**INSTRUCTIONS TO FOLLOW:** Your response to the data below should hold nothing except the lines from the one containing "CS6などのバージョンを利用" down to the one containing "The hulls of", reproduced exactly and without pictures.

**PROVIDED DATA:**
========================

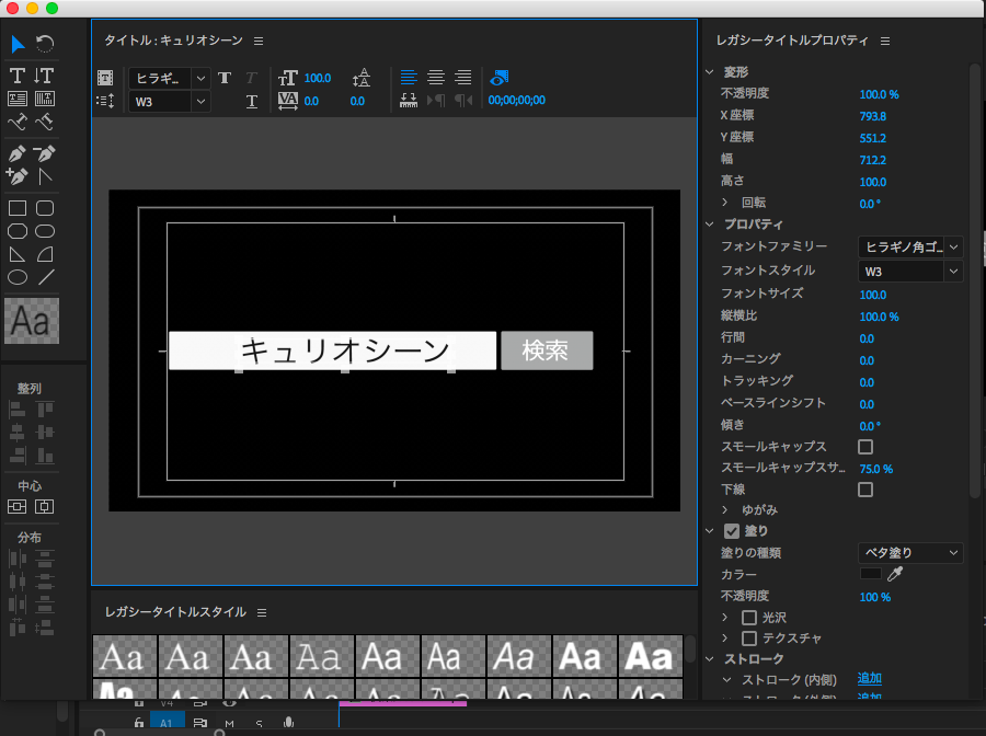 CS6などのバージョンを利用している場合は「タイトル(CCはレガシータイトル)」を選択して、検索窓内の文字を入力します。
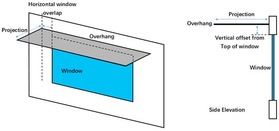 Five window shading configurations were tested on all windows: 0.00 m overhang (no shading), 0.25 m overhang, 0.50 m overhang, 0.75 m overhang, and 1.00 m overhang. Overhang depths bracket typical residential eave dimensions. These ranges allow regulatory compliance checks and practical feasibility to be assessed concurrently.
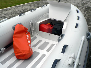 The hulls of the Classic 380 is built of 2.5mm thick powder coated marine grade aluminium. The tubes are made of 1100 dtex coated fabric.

========================

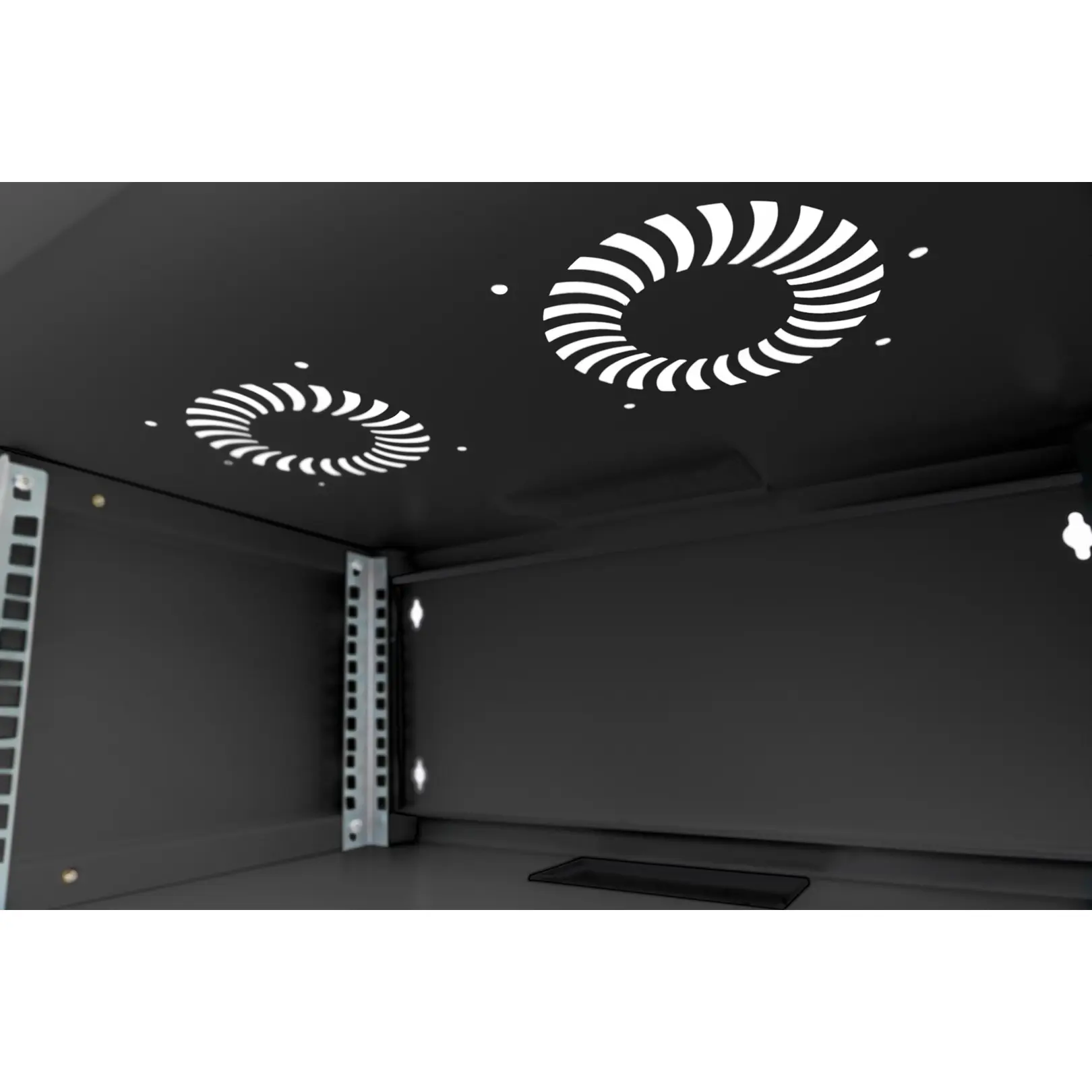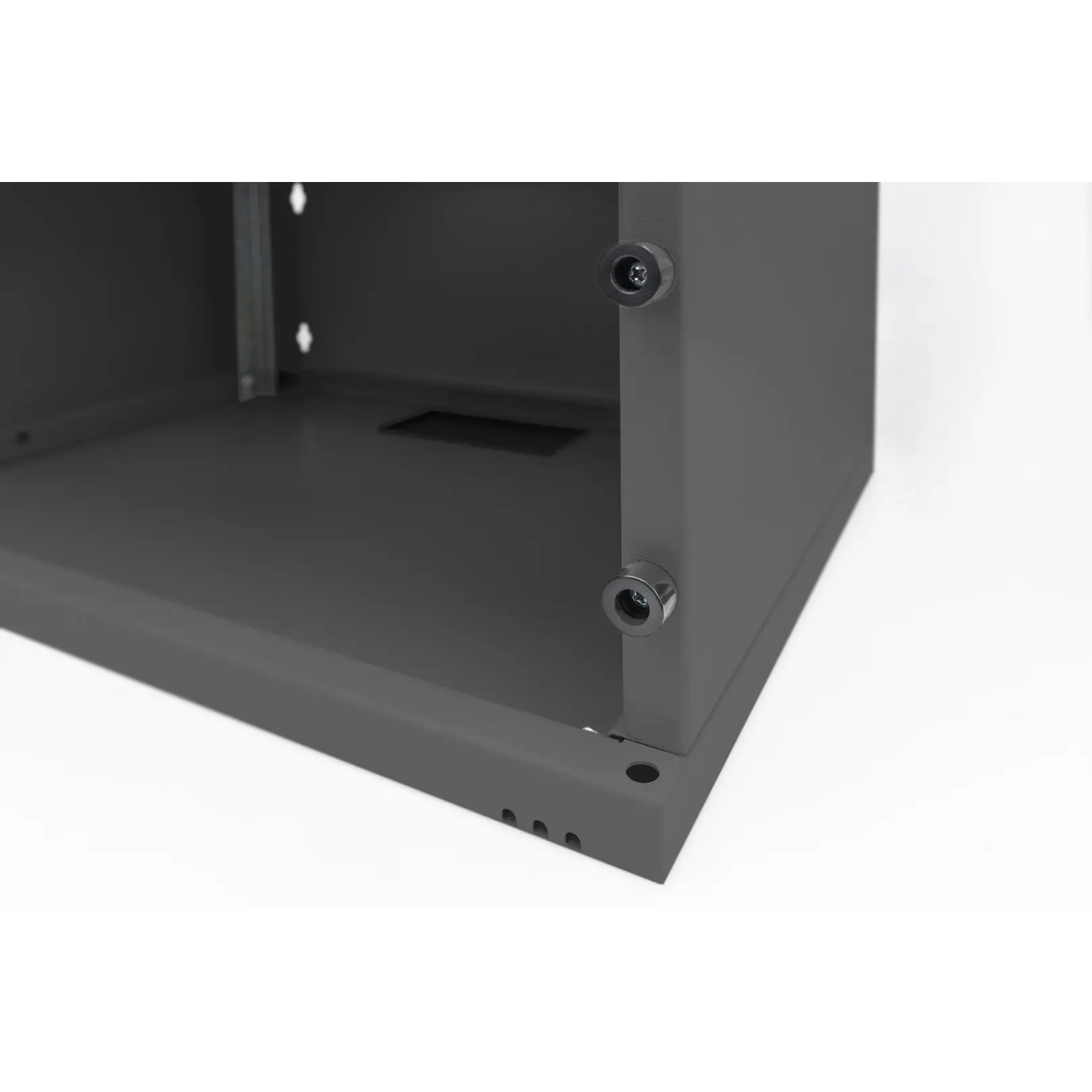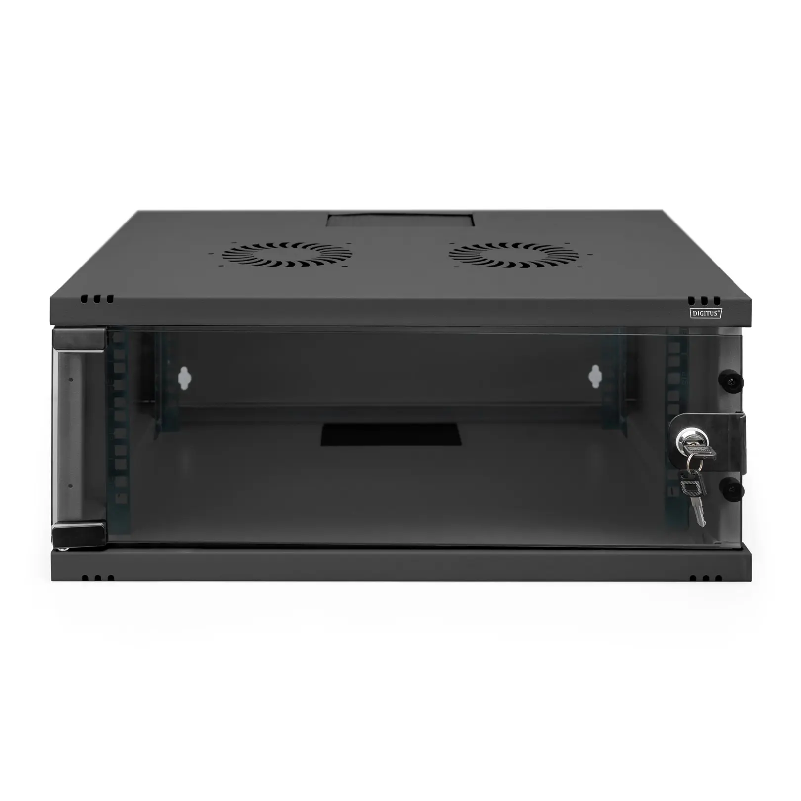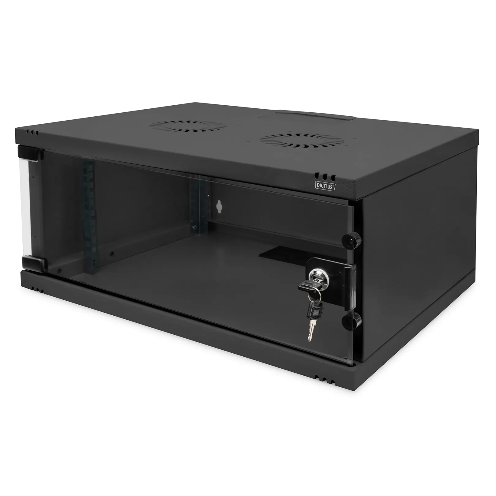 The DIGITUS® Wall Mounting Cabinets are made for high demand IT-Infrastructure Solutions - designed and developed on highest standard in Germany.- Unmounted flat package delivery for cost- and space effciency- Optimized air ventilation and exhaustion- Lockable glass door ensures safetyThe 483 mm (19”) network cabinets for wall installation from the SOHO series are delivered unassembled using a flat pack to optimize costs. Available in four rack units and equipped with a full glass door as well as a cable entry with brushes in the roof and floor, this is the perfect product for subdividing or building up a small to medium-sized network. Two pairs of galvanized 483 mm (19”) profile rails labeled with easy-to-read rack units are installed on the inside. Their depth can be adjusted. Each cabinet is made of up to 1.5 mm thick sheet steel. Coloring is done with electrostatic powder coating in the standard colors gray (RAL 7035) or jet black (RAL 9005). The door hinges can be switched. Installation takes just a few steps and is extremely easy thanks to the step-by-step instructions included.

========================

**ANSWER TO THE PROBLEM:**
 CS6などのバージョンを利用している場合は「タイトル(CCはレガシータイトル)」を選択して、検索窓内の文字を入力します。
 Five window shading configurations were tested on all windows: 0.00 m overhang (no shading), 0.25 m overhang, 0.50 m overhang, 0.75 m overhang, and 1.00 m overhang. Overhang depths bracket typical residential eave dimensions. These ranges allow regulatory compliance checks and practical feasibility to be assessed concurrently.
 The hulls of the Classic 380 is built of 2.5mm thick powder coated marine grade aluminium. The tubes are made of 1100 dtex coated fabric.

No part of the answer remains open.